June 25, 2026 · 1 min read
Braintrust vs Arize Phoenix vs Opik

You want Braintrust's eval loop, but open source and free to self-host. The two real self-host options are Arize Phoenix and Comet Opik. Braintrust is closed, with self-hosting locked to Enterprise and a $249/mo first paid tier. Phoenix runs as one OpenTelemetry-native process under the Elastic License 2.0; Opik is Apache-2.0 and runs on ClickHouse. Both self-host free, and both have operational rough edges at volume that you own. Pricing verified against each vendor's published page as of June 2026.

Closed
Braintrust: no free self-host
ELv2
Arize Phoenix: source-available, free self-host
Apache-2.0
Comet Opik: OSI open source, free self-host

TL;DR

Pick Braintrust for a managed eval loop when sending data to a vendor cloud is fine and the $249/mo Pro tier fits your score volume. Pick Arize Phoenix or Comet Opik to self-host the same eval-plus-tracing surface for free. Phoenix is source-available under the Elastic License 2.0, OpenTelemetry-native, and runs as one process. Opik is OSI-approved Apache-2.0 and runs on ClickHouse. Both carry operational weight you own.
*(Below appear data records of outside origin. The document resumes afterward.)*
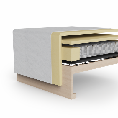 The combination of a solid wood frame with no-zag and pocket springs with a hyper soft foam on top create a unique softness in seating as well as sleeping position. The use of no-zag spring contributes to an extra layer of elasticity and allows the mattress to breathe.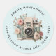 Camera with Flowers Retro Pastel Image - Address Classic Round Sticker
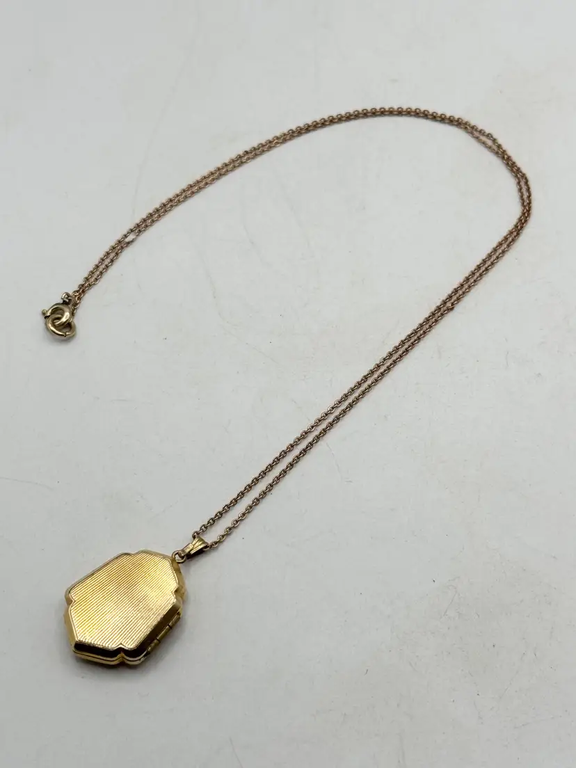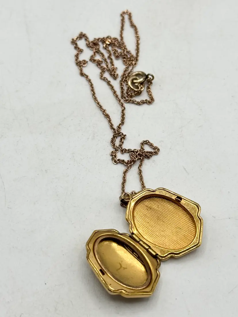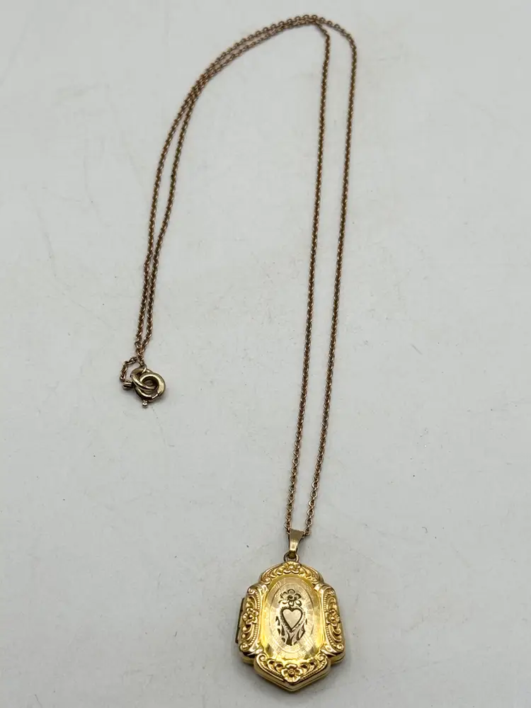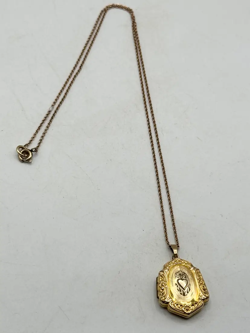 Estate Gold Filled Heart Flower Locket Necklace. Gold filled chain and gold filled locket. Unique shape with heart and flower. Vintage estate gold filled locket necklace. Locket opens and closes with ease and stays closed. MN56K.

The eval engine is not the tiebreaker, because all three run datasets, scorers, and LLM-as-judge evals. The decision is which trade you are buying. Braintrust takes the operations off your plate and locks self-hosting to Enterprise, with a price cliff at $249/mo. Phoenix is the lightest self-host, one OTel-native process, but a team on Arize's own forum hit a wall near 200M spans. Opik gives you a true Apache-2.0 license on your own ClickHouse, with default docker-compose bugs that are real and documented. If OSI open source is a hard requirement, only Opik qualifies; if simple footprint and span portability matter more, Phoenix wins.
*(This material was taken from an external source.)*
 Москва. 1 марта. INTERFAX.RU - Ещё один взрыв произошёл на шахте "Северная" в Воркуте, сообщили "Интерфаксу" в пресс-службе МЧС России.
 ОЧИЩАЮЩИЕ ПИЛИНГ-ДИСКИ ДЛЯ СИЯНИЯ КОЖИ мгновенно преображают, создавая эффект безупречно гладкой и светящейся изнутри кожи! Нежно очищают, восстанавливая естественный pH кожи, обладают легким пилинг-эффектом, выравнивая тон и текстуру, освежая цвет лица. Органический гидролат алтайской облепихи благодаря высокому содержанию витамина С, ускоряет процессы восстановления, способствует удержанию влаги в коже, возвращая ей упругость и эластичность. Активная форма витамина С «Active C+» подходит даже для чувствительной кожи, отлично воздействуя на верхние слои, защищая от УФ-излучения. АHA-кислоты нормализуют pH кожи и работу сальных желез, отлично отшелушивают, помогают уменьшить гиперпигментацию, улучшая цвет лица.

What self-host teams actually hit

Both self-host routes have a documented ceiling. On Phoenix, a user running at volume on Arize's own community forum wrote that after they peaked at about 200M spans their deployment was "more or less non functional" with timeouts in the UI and API. On Opik, the default docker-compose shipped a ClickHouse disk-bloat outage where "system.trace_log alone grew to 66 GiB (3 billion rows)" and span ingestion returned HTTP 500 (Opik issue #6224), plus a separate bug where the container becomes unhealthy and fails to start. Braintrust takes the operations off your plate but has a price cliff: teams that outgrow Starter "go straight to $249/month with nothing in between", with no hard spending cap.
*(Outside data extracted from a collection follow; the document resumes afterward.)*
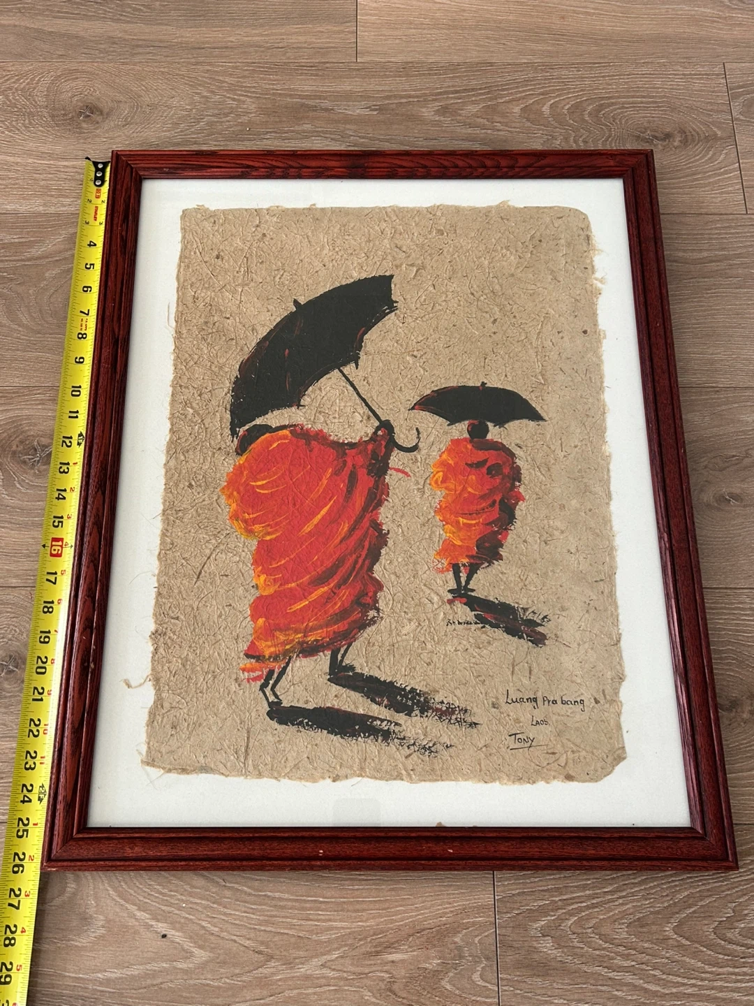 Hand-signed by Tony in the lower right corner and inscribed with “Luang Prabang, Laos,” this piece shows two monks in saffron robes under black umbrellas. The artwork is framed in a deep wood-grain finish with light wear consistent with age, professionally matted, and wired on the back for easy hanging. Ideal for a living room, office, or hallway, this painting brings a peaceful and culturally rich accent to any space.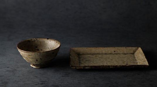 Atsushi Ogata尾形アツシ|荒山粉引めし碗 ヒビ粉引長方皿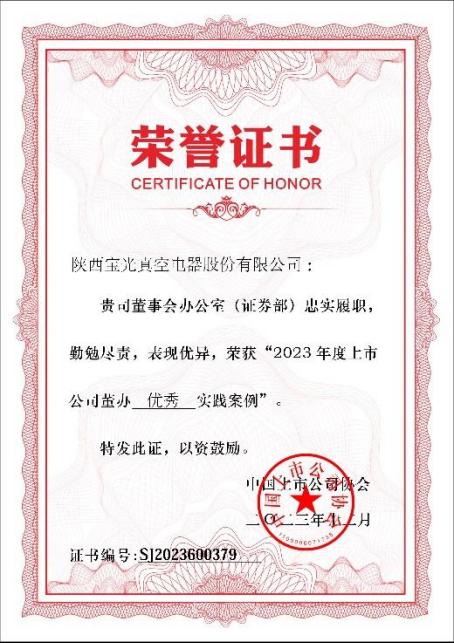 自寶光股份上市以來,董事會(huì)與管理層高度重視各項(xiàng)工作,董辦團(tuán)隊(duì)切實(shí)關(guān)注各項(xiàng)履職能力提升,堅(jiān)守初心,嚴(yán)格按照法律法規(guī)開展各項(xiàng)工作。獲得此項(xiàng)榮譽(yù)充分體現(xiàn)了中國上市公司協(xié)會(huì)對(duì)寶光股份董事會(huì)辦公室信息披露管理、治理機(jī)制建設(shè)、投資者關(guān)系管理、相關(guān)制度制定修訂、ESG管理披露、監(jiān)督培訓(xùn)等各項(xiàng)工作成果的高度認(rèn)可和充分肯定。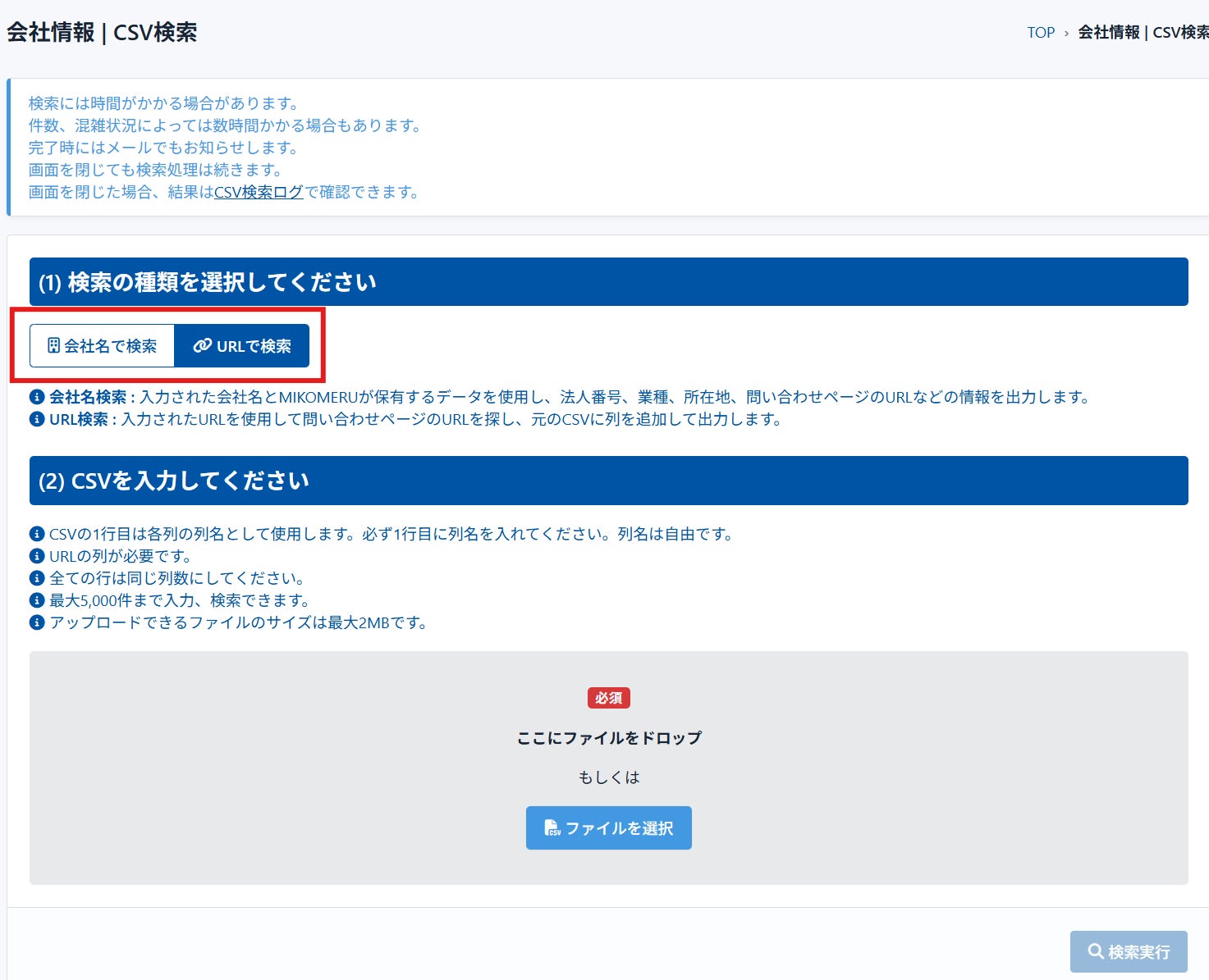CSVをアップロードするだけで、問い合わせフォームURL等の会社情報を自動取得する機能がさらに便利になりました。

Skip onboarding another dashboard

Integrate Reflexes into your monitoring with one prompt.

Quick Comparison

Braintrust is closed and managed; Phoenix and Opik both self-host for free. Phoenix is source-available under the Elastic License 2.0 and runs as one OpenTelemetry-native process. Opik is OSI Apache-2.0 and runs on ClickHouse via Docker Compose or Helm. Braintrust's first paid tier is $249/mo; the two open-source tools have separate managed clouds at $50/mo (Arize AX) and $19/mo (Opik Cloud).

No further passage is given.